DNA demethylation mediated by down-regulated TETs in the testes of rare minnow Gobiocypris rarus under bisphenol A exposure

- BPA resulted in decrease of TETs and 5hmC levels.
- BPA exposure caused DNA hypermethylation in the testes of G. rarus.
- The decrease of TETs may be sufficient to cause the DNA hypermethylation.
- No clear relationship between DNA methylation and GSH levels.

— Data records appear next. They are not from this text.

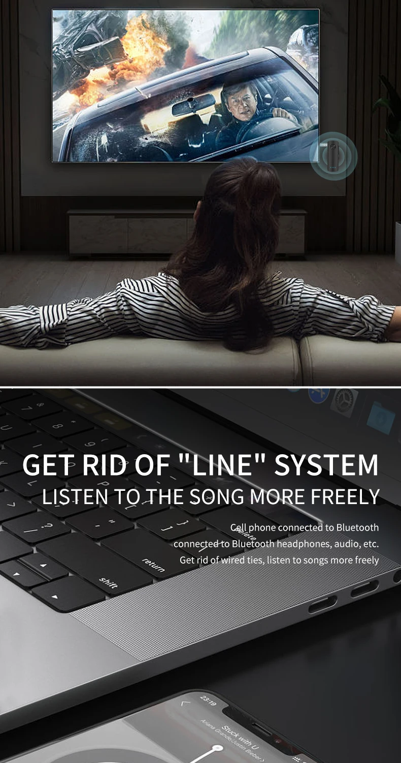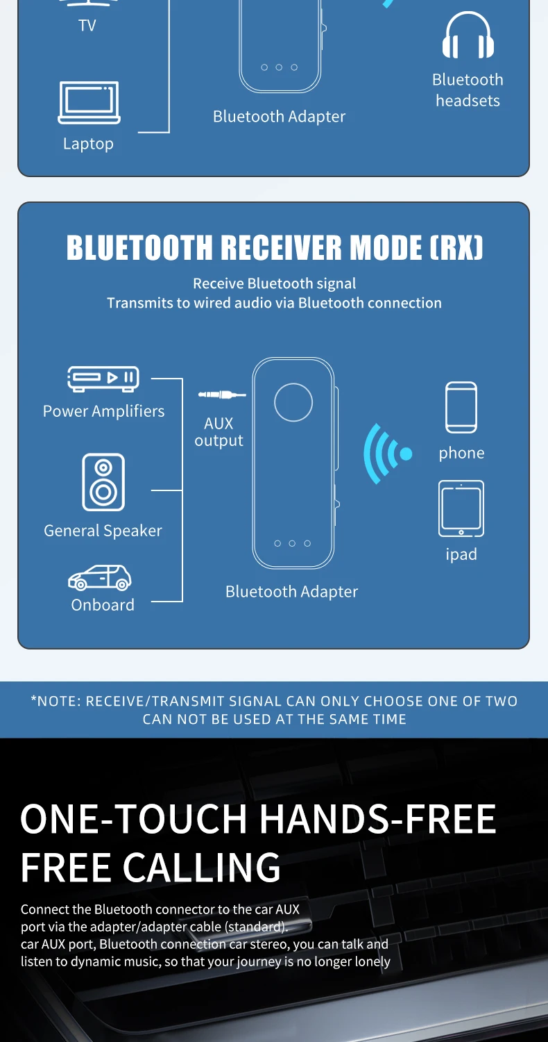 ●Récepteur et émetteur audio 2 en 1 : ce adaptateur peut être utilisé comme récepteur et émetteur audio, vous permettant de connecter votre TV, PC, ou une voiture à votre téléphone ou d’autres appareils sans fil.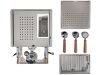 | Handgefertigte Griffe des Handhebels, der Kippventile und der Siebträger aus amerikanischen Nussbaum | |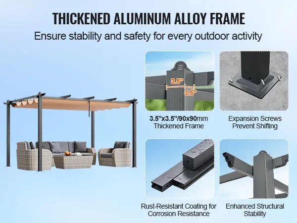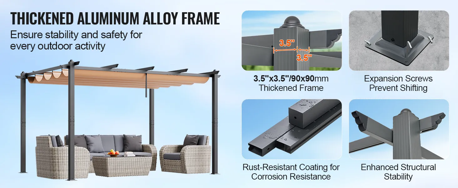 Robust & langlebig: Unsere einziehbare Pergola verfügt über einen robusten Rahmen aus Aluminiumlegierung, der Stabilität bei allen Wetterbedingungen gewährleistet. Die rostbeständige Beschichtung und die verdickten Pfosten (3,5 x 3,5 Zoll / 90 x 90 mm) bieten außergewöhnliche Korrosionsbeständigkeit und Festigkeit und sorgen auch bei starkem Wind für Stabilität. Die Bodennägel und die oberen Querbalken bieten zusätzliche Sicherheit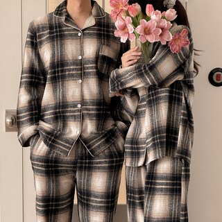 어나더디 커플용 보들 피치스킨 피치기모 긴팔 잠옷 상하의 세트

Inevitable BPA exposure resulted in disturbance of DNA methylation status and our published study suspected that BPA has the potentiality to disturb DNA demethylation and GSH production in Gobiocypris rarus testes. To confirm this conjecture, several experiments were carried out in the present study. Adult male G. rarus was exposed to 1, 15 and 225 μg L−1 (nominal concentration) BPA for two weeks. The levels of 5-methylcytosine (5mC), 5-hydroxymethylcytosine (5hmC), glutathione (GSH), and enzyme levels for DNA methylation and GSH synthesis in the testes were detected. Meanwhile, the contents of substrates for GSH synthesis were measured. Furthermore, the transcriptional changes of the studied genes were examined. Results indicated that 1-225 μg L−1 BPA caused decrease of testicular ten-eleven translocation proteins (TETs) with more obvious effects at low concentrations. Moreover, all concentrations of BPA resulted in decrease of 5hmC levels while only 225 μg L−1 BPA resulted in significant increase of 5mC. In addition, all treatments resulted in significant decrease of GSH and the replenishment of GSH might be mainly accomplished by circular synthesis. These results indicated that BPA exposure inhibited TETs-mediated DNA demethylation and the declined DNA demethylation mediated by TETs may result in DNA hypermethylation at 225 μg L−1 BPA. In addition, the changes of DNA methylation status were irrelevant with GSH levels.